- [Data records]:
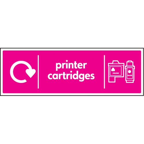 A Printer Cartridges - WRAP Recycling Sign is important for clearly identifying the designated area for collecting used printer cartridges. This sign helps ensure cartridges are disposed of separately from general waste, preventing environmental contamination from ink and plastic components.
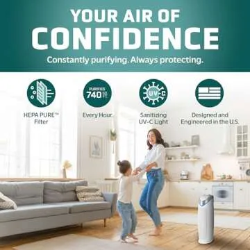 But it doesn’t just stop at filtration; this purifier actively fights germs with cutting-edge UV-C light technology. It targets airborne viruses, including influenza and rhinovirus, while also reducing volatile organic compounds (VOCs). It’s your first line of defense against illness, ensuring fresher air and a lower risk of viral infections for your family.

--

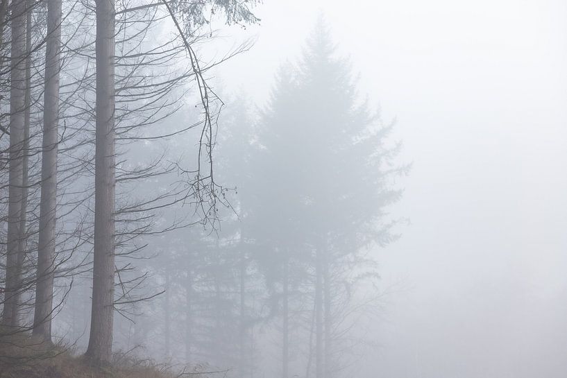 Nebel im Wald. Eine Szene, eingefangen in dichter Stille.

* * *

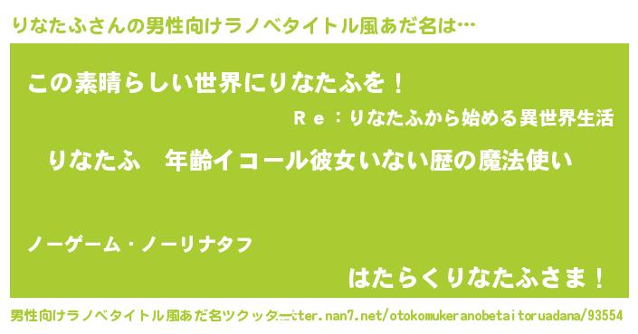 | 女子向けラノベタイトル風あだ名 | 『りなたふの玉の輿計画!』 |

- [Assigned task]:
Look back at the data above, then output exactly the lines from the line holding "A Printer Cartridges" up to and including the line holding "But it doesn’t". Leave out the pictures.

- [Written answer]:
 A Printer Cartridges - WRAP Recycling Sign is important for clearly identifying the designated area for collecting used printer cartridges. This sign helps ensure cartridges are disposed of separately from general waste, preventing environmental contamination from ink and plastic components.
 But it doesn’t just stop at filtration; this purifier actively fights germs with cutting-edge UV-C light technology. It targets airborne viruses, including influenza and rhinovirus, while also reducing volatile organic compounds (VOCs). It’s your first line of defense against illness, ensuring fresher air and a lower risk of viral infections for your family.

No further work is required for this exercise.